The biggest threat Kinder Morgan currently faces is, without doubt, the massive amount of debt is has taken on. While debt isn't usually a major issue when it contributes to growth, it becomes more difficult to deal with when corporate strategy doesn't go according to plan. For energy companies, the plunge in oil and gas prices to historically low levels was surely not what anyone expected.

According to its Q1 release, Kinder Morgan had over $43B of outstanding debt, down just 3% from Q1 2015, when its liability was $45B. Kinder Morgan's EBITDA of $4.5B TTM means that the company is highly leveraged. Its Debt-to-EBIDTA ratio of 9.5 is a huge red flag. In comparison, one of Kinder's main competitors, Enterprise Products Partners LP (NYSE:EPD), which is 25% larger than KMI based on market cap, has approximately half the debt, and a Debt-to-EBIDTA ratio of 6.4. That's still high, but EPD's numbers underscore just how perilous the financial situation is for KMI.

3. Positive Steps To Reduce Its Debt

Fortunately, it appears that Kinder Morgan is finally keen on solving its debt problem, and has taken several positive steps over the past quarter. Less than two weeks ago, on July 10, the company announced a $4.15B deal with Southern Company (NYSE:SO), regarding Kinder's Southern Natural Gas pipeline, a 7,600 system which connects 4 supply basins in the US south with markets in Louisiana, Alabama, Florida, Georgia, South Carolina and Tenessee.

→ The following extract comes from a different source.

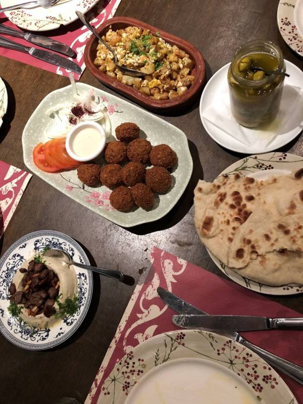 Wenn man die Unmengen an Frühstück und den Nachmittagssnack wieder verdaut hat, wartet schon das nächste kulinarische Highlight, das Abendessen. Besonders gut hat es uns im Sufra geschmeckt. In dem wunderschön eingerichteten Lokal gibt es neben typisch jordanischen Hauptgerichten (zum Beispiel Magloubeh – Reis mit Melanzani und Fleisch) unzählige Vorspeisen und kleine Gerichte durch die wir uns durchgekostet haben. Hummus muss natürlich sein, Falafel ebenso und dann noch die ein oder andere Köstlichkeit gemeinsam mit dem frisch gebackenen Fladenbrot. Dazu eine hausgemachte Minz-Limo. Und schon wieder „rollten“ wir mit gut gefüllten Bäuchen aus dem Lokal.

According to the terms of the deal, Southern will pay $1.47B in cash and assume $2.68B in debt for a 50% stake in the pipeline. In addition, Southern will participate in 50% of future capital expenditure costs.

On top of this deal, Kinder sold a 50% stake in its Ohio-based Utopia pipeline to the Riverstone Investment Group for a 50% reimbursement of previous capex costs as well as half of the pipeline's funding costs going forward. The total project cost is estimated to be $500M. Additionally, 50% of yet another pipeline, Parkway, has been sold to refining company Valero Energy (NYSE:VLO), for an undisclosed sum of cash.

These three deals, as well as the fact that KMI canceled the planned construction of several other pipelines, prove that the company is appropriately focusing on its massive debt load, and actively trying to unload it from its balance sheet. That's always a good sign from an investor perspective, signaling that the company is making moves to secure its future.

4. Whither KMI's dividend?

Kinder Morgan was once an attractive dividend payer. When oil prices plummeted, Kinder's shares fell in conjunction, raising its dividend yield to a rich 7-8%.

Unfortunately, the plunge also hurt KMI's profitability, and Kinder could no longer pay as big a dividend. On October 21, 2015, the company began scaling back promises for 2016 dividends, eventually slashing the payout by 75% this past December.

The uncertainty surrounding its dividend, and the eventual cut, caused the stock to fall by 50%—from $31 in October to $15 on December 8th, the day the cut was announced. The company is still trying to recover.

Nevertheless, to its credit, KMI has continued to pay some dividend, currently $0.125 quarterly. It's a smart gesture aimed at current and future investors, showing that Kinder Morgan is still committed to shareholders. And this quarter is especially important because of Kinder's payout ratio.

Because the company hands out a quarterly dividend, it must make a higher EPS number to show that the dividend is sustainable. Last quarter's EPS was $0.12, pushing the payout ratio above 100%. While a quarter or two above 100% isn't always catastrophic, for a highly-leveraged company that has already hurt shareholder confidence with a dividend cut, it is critical to be able to report an EPS numbers above the dividend threshold.

Conclusion

We believe investors should take a wait-and-see approach. Kinder Morgan management is taking favorable steps to try and secure the future of the company, but they did surprise shareholders with the harshness of the dividend cut in December.

Like the entire energy sector overall, Kinder Morgan's situation is also dependent on the price of oil price, which for now has stabilized around $45. The company is headed in the right direction, but these are early stages. The risk/reward proposition for Kinder Morgan will be more positive once the company re-establishes EPS growth.